Healthcare associated influenza disease

Last edited: 4/14/2026

Overview

Healthcare-associated influenza disease refers to influenza infections acquired within healthcare settings, posing significant risks to vulnerable patient populations, particularly those with underlying conditions or compromised immune systems 7.

Diagnosis

  • Clinical symptoms include fever, cough, sore throat, and muscle aches 7.
  • Rapid influenza diagnostic tests (RIDTs) and RT-PCR are recommended for confirmation 7.
  • Chest imaging may be considered in severe cases to rule out complications 7.
  • Management

  • First-line treatment involves antiviral medications such as oseltamivir or zanamivir for early initiation within 48 hours of symptom onset 7.
  • Supportive care includes hydration, rest, and symptom management 7.
  • For patients at high risk of complications, early antiviral therapy is crucial 7.
  • Special Populations

  • Pregnancy: Antiviral treatment is recommended for pregnant women with confirmed or suspected influenza, especially those at risk of severe illness 7.
  • Pediatrics: Annual influenza vaccination is advised for children, with special emphasis on those receiving immunosuppressive therapy 7.
  • Elderly: Enhanced monitoring and prompt antiviral therapy are essential due to higher risk of complications 7.
  • Comorbidities: Patients with chronic conditions like cardiovascular disease, diabetes, or immunosuppression require vigilant management and early antiviral intervention 7.
  • Key Recommendations

  • Implement electronic health record (EHR) best practice alerts to improve vaccination rates for influenza and pneumococcal vaccines in immunosuppressed patients, particularly those aged >65 years 7 (Evidence: Strong).
  • Early initiation of antiviral therapy within 48 hours of symptom onset is crucial for reducing complications in high-risk populations 7 (Evidence: Strong).
  • Annual influenza vaccination should be prioritized for all healthcare workers and high-risk patient groups to minimize healthcare-associated transmission 7 (Evidence: Moderate).
  • References

    1 Kirton CA. A Changing Nursing Landscape. The American journal of nursing 2024. link 2 Seegert L. The Current State of Nursing. The American journal of nursing 2022. link 3 Chu J, Roby DH, Boudreaux MH. Effects of the Children's Health Insurance Reauthorization Act on immigrant children's healthcare access. Health services research 2022. link 4 Himmelstein DU, Campbell T, Woolhandler S. Health Care Administrative Costs in the United States and Canada, 2017. Annals of internal medicine 2020. link 5 Lago L, Westley-Wise V, Mullan J, Lambert K, Zingel R, Carrigan T et al.. Here one year, gone the next? Investigating persistence of frequent emergency department attendance: a retrospective study in Australia. BMJ open 2019. link 6 Williams JS. Assessing the suitability of fractional polynomial methods in health services research: a perspective on the categorization epidemic.
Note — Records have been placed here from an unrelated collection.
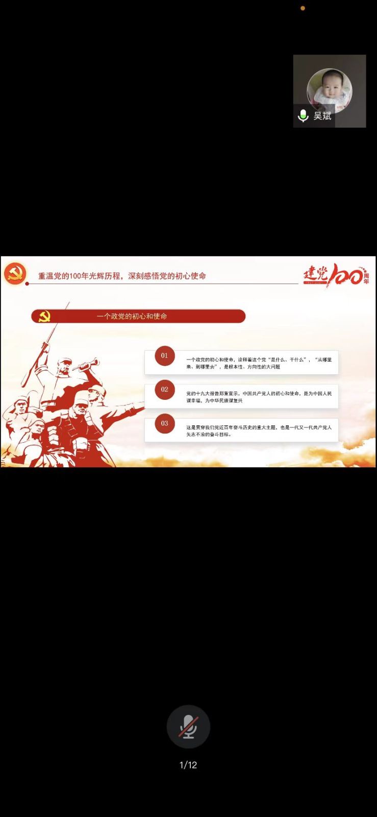 吴斌书记围绕三个方面讲述了本次党课的核心内容:一是重温党的100年光辉历程,深刻感悟党的初心使命;二是践行初心使命,必须担当作为;三是牢记党史国史,践行初心使命。书记讲到:一个政党的初心和使命,诠释着这个党“是什么、干什么”,“从哪里来、到哪里去”,是根本性、方向性的大问题。党的十九大报告郑重宣示,中国共产党人的初心和使命,是为中国人民谋幸福,为中华民族谋复兴。这是贯穿我们党近百年奋斗历史的重大主题,也是一代又一代共产党人矢志不渝的奋斗目标。中国共产党的历史,是一部“不忘初心,牢记使命”的不懈奋斗史;我们作为党员,要不忘初心牢记使命,始终把人民的利益放在首位,要努力为人民群众服务,认真做好每次为人民群众服务的活动,认真在食堂、校门口站好岗,充分发挥好党员的模范带头作用。中国共产党的历史,是一部百折不挠,前赴后继的理论探索史。中国共产党顺应这样的形势任务而诞生和成长。近100年来,党团结人民经历千难万险,付出了巨大的牺牲,实现了三次伟大飞跃。三次伟大飞跃昭示我们,中国特色社会主义道路来之不易,我们应该牢记这段历史。中国共产党的历史,是一部自我革命、勇立潮头的自身建设史。勇于自我革命,从严管党治党,是我们党最鲜明的品格,也是我们党最大的优势。因为我们党除了国家、民族、人民的利益,没有任何自己的特殊利益。不谋私利才能谋根本、谋大利,才能从党的性质和根本宗旨出发,从人民根本利益出发,检视自己。中国共产党的历史,是一部严明纪律、反对腐败的艰辛创业史。我们党从一个几十人的小党,现在成为领导14亿多中国人民,有9100多万党员的大党,靠什么呢?一靠理想,二靠纪律。始终有铁的纪律,是我们事业取得成功和胜利的保证。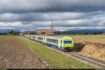 BLS RBDe 565 736 als S52 (Lyss -) Kerzers - Bern am 29. Dezember 2020 bei Durchfahrt der ehemaligen Haltestelle Ferenbalm-Gurbrü.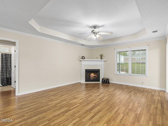 Inside, the cozy bedrooms are carpeted for warmth and comfort, while the inviting living room boasts elegant tray ceilings and a gas fireplace, creating a perfect space for relaxation. The eat-in kitchen offers a bright and functional dining area, ideal for casual meals.
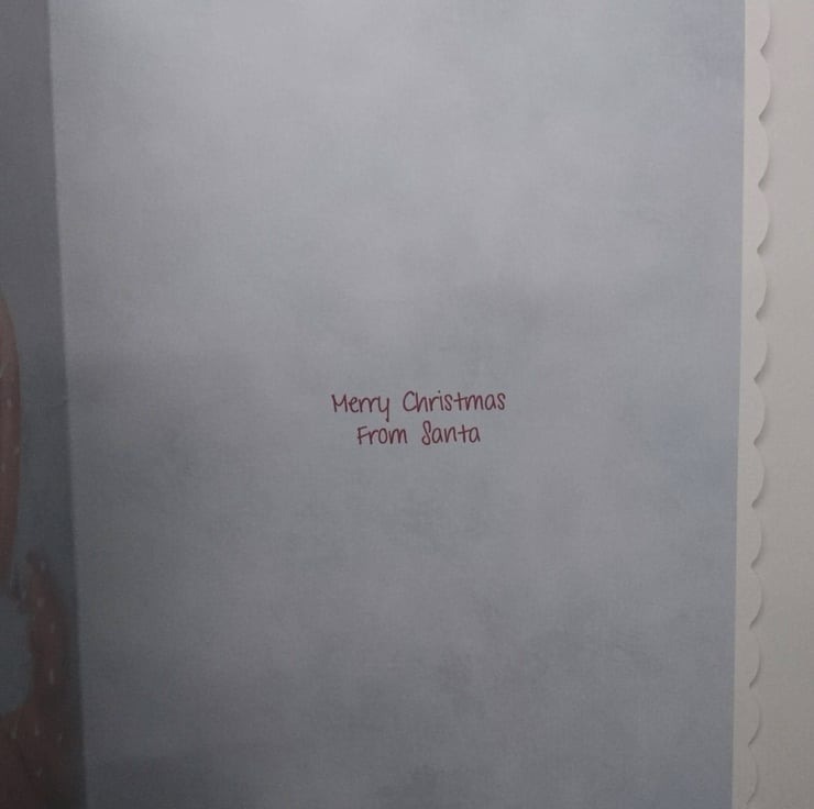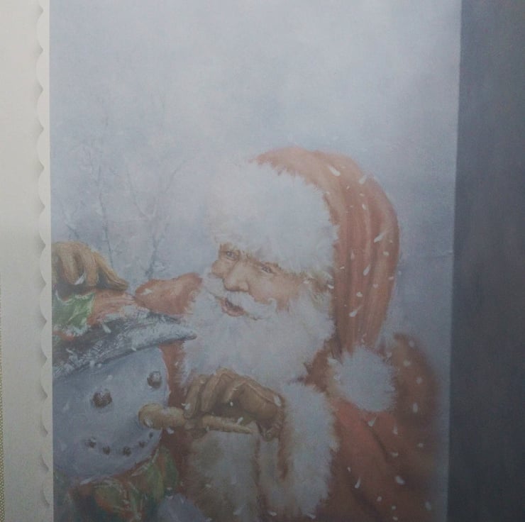 The inside of the card has a double full colour insert and has a printed greeting "Merry Christmas from Santa". Santa is fixing a carrot to the Snowman, and there is plenty of room for you to write your own special message.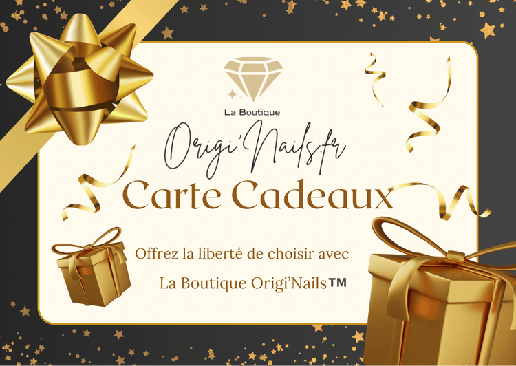 Vous cherchez une idée cadeau unique et personnalisée ? Offrez la liberté de choisir avec nos cartes cadeaux Origi’Nails™️, idéales pour les amateurs de manucure ! Nos cartes cadeaux, disponibles en plusieurs valeurs (10 €, 25 €, 50 €, 100 € et 150 €), permettent d’accéder à une gamme de produits et kits de manucure professionnels, press-on nails, décorations et accessoires tendance. Une manière parfaite de faire plaisir, pour les anniversaires, fêtes ou simplement pour gâter vos proches !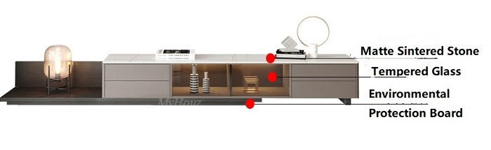 Materials: Lauren white gold matte sintered stone + environmental protection board + metal feet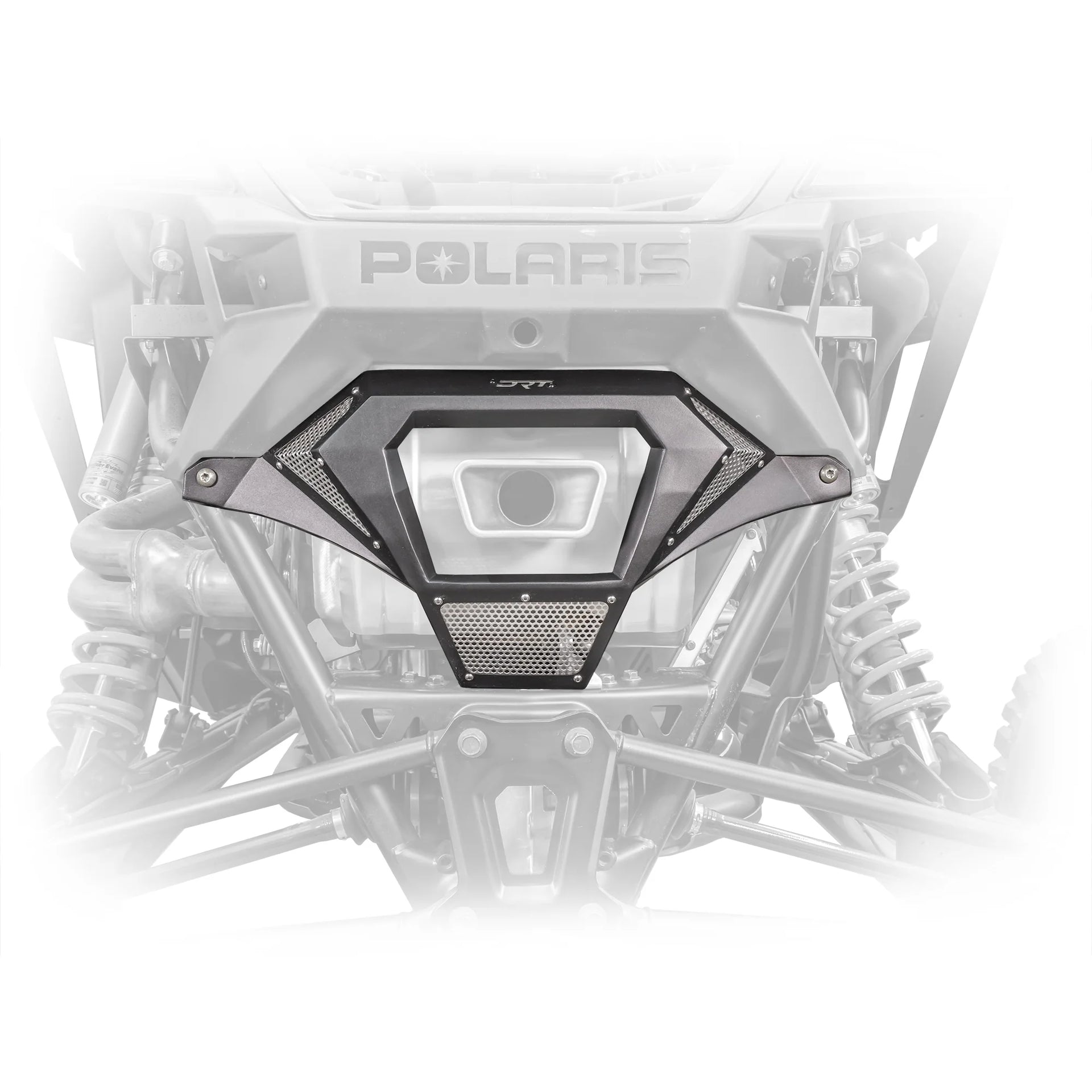 The DRT Motorsports Polaris Pro R 2022+ Aluminum Exhaust Cover is a great upgrade for aggressive styling, more clearance, and better cooling for your Pro R. The DRT Pro R Aluminum Exhaust Cover replaces your factory plastic exhaust cover with a vented aluminum cover that fits close to the body and retains the center exit exhaust found only on the Pro R platform. The DRT Pro R Aluminum Exhaust Cover is laser cut, formed, welded, and powder coated in the DRT sand texture black.

Journal of health services research & policy 2011. link 7 Ledwich LJ, Harrington TM, Ayoub WT, Sartorius JA, Newman ED. Improved influenza and pneumococcal vaccination in rheumatology patients taking immunosuppressants using an electronic health record best practice alert. Arthritis and rheumatism 2009. link 8 Appleby J, Devlin N, Parkin D. NICE's cost effectiveness threshold. BMJ (Clinical research ed.) 2007. link 9 Handrigan M, Slutsky J. Funding opportunities in knowledge translation: review of the AHRQ's "Translating Research into Practice" initiatives, competing funding agencies, and strategies for success. Academic emergency medicine : official journal of the Society for Academic Emergency Medicine 2007. link 10 Bova JR, Eisenhart MC, Goldberg JH, McDowell SL. Task force on Medicaid in Missouri: a community collaboration in gerontological social work education. Journal of gerontological social work 2007. link 11 . Training the health workforce of tomorrow. Issue brief (Grantmakers in Health) 2001. link 12 Norton S, Zuckerman S. Trends in Medicaid physician fees, 1993-1998. Health affairs (Project Hope) 2000. link 13 VanRooyen MJ, Grabowski JG, Ghidorzi AJ, Dey C, Strange GR. The perceived effectiveness of total quality management as a tool for quality improvement in emergency medicine. Academic emergency medicine : official journal of the Society for Academic Emergency Medicine 1999. link

    Original source

    1. [1]
      A Changing Nursing Landscape.Kirton CA The American journal of nursing (2024)
    2. [2]
      The Current State of Nursing.Seegert L The American journal of nursing (2022)
    3. [3]
    4. [4]
      Health Care Administrative Costs in the United States and Canada, 2017.Himmelstein DU, Campbell T, Woolhandler S Annals of internal medicine (2020)
    5. [5]
      Here one year, gone the next? Investigating persistence of frequent emergency department attendance: a retrospective study in Australia.Lago L, Westley-Wise V, Mullan J, Lambert K, Zingel R, Carrigan T et al. BMJ open (2019)
    6. [6]
    7. [7]
    8. [8]
      NICE's cost effectiveness threshold.Appleby J, Devlin N, Parkin D BMJ (Clinical research ed.) (2007)
    9. [9]
      Funding opportunities in knowledge translation: review of the AHRQ's "Translating Research into Practice" initiatives, competing funding agencies, and strategies for success.Handrigan M, Slutsky J Academic emergency medicine : official journal of the Society for Academic Emergency Medicine (2007)
    10. [10]
      Task force on Medicaid in Missouri: a community collaboration in gerontological social work education.Bova JR, Eisenhart MC, Goldberg JH, McDowell SL Journal of gerontological social work (2007)
    11. [11]
      Training the health workforce of tomorrow. Issue brief (Grantmakers in Health) (2001)
    12. [12]
      Trends in Medicaid physician fees, 1993-1998.Norton S, Zuckerman S Health affairs (Project Hope) (2000)
    13. [13]
      The perceived effectiveness of total quality management as a tool for quality improvement in emergency medicine.VanRooyen MJ, Grabowski JG, Ghidorzi AJ, Dey C, Strange GR Academic emergency medicine : official journal of the Society for Academic Emergency Medicine (1999)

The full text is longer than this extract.